There is nothing wrong with what they are doing.

I doubt it helps anything but it is not dangerous or a code violation.
 
Supplemental grounds for sensitive electronic equipment?

There is nothing wrong with what they are doing.

I doubt it helps anything but it is not dangerous or a code violation.

Would only be a problem if they drove an independent ground rod that was not bonded to the rest of the grounding electrode system and connected all their grounding conductors from the cart to it instead. I have seen this done in research labs and industrial shops where the user is trying to eliminate noise and ground loops. This usually results in a tutoring session on the purpose of grounding and bonding and explaining why their configuration violates code and is a safety hazard. But for the configuration described in the OP I don't see a problem adding the extra bonding conductors.
 
The type of equipment and how it's being used is important here. If it's "normal" equipment without any unusual electrical aspects to it, then the EGC is fine and the extra grounding is nonsense. The only need for supplemental grounding conductors is generally for certain radio frequency applications and certain types of sensors or measurement devices which rely on extremely low level voltage signals referenced to the surrounding environment. In those instances, the required supplemental grounding is really more like equipotential bonding or shielding. If the researcher were doing that sort of thing, they'd be plenty sophisticated enough to know what sort of special arrangements are needed. In short, this is probably all unnecessary.
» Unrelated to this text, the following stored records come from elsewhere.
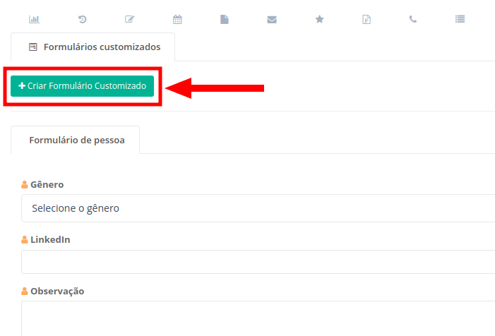 1. Por fim, a aba formulários customizados exibe todos os formulários customizados vinculados à pessoa. Para criar um novo formulário customizado, clique em "+ Criar Formulário Customizado".
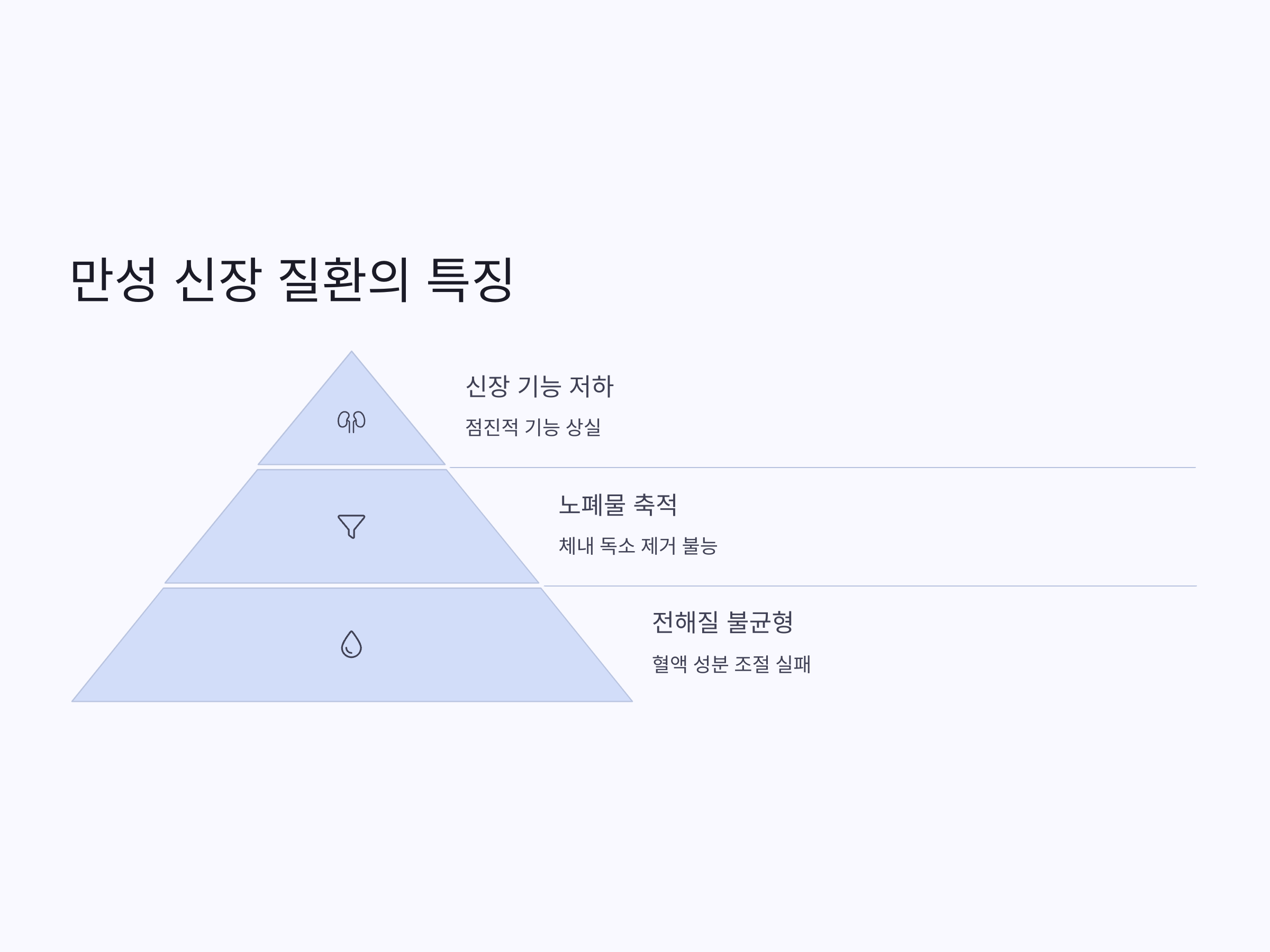 만성 신장 질환은 신장이 점진적으로 기능을 잃어가는 상태를 말합니다. 신장은 체내 노폐물과 여분의 물을 걸러내고, 혈압을 조절하며, 전해질 균형을 유지하는 중요한 역할을 합니다. 만성 신장 질환이 진행되면 이 모든 기능이 손상되어 여러 증상이 나타납니다. 온몸의 가려움증과 건조함도 만성 신장 질환의 주요 증상 중 하나입니다. 이는 신장이 제 역할을 하지 못하면서 체내에 쌓인 노폐물이나 물질들이 피부에 영향을 미치기 때문입니다.
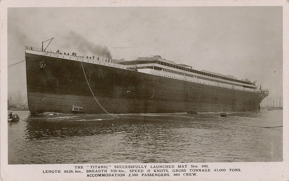 Unused ‘Real Photo Series’ postcard by Walton of Belfast, featuring a real photo of the Titanic at its launch, captioned at the bottom: “The ‘Titanic’ Successfully Launched May 31st, 1911. Length 882ft. 6in., Breadth 92ft. 6in., Speed 21 Knots, Gross Tonnage 45,000 Tons, Accommodation 2,500 Passengers, 860 Crew.” In fine condition, with some light rubbing to the finish.
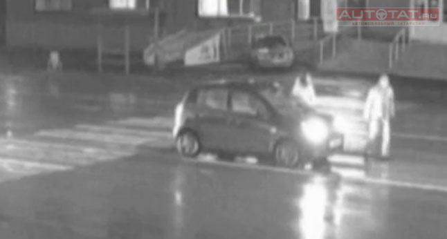 Обратите внимание, что женщина-водитель вышла из машины, убедилась, что ее малолитражка получила незначительные повреждения, а сбитый пешеход самостоятельно может передвигаться, и просто уехала с места ДТП.
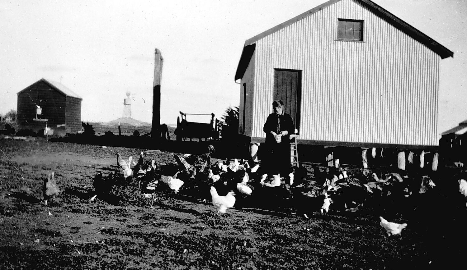 A woman feeding poultry. There is a corrugated iron building behind her.

Nice reply! I especially like the acknowledgement "If the researcher were doing that sort of thing, they'd be plenty sophisticated enough to know what sort of special arrangements are needed. " They certainly have learned how important that extra ground wire is! I have been involved with many 'sensative' machines where that extra ground wire solved that high freq noise issue! The researchers probably realized quickly that that little 120v ground pin has basically infinite resistance to ground at the hi freq noise they were arguing with!

So I can only assume your last line, "In short, this is probably all unnecessary." referred to the electrician who called the "cops" on them? Funny!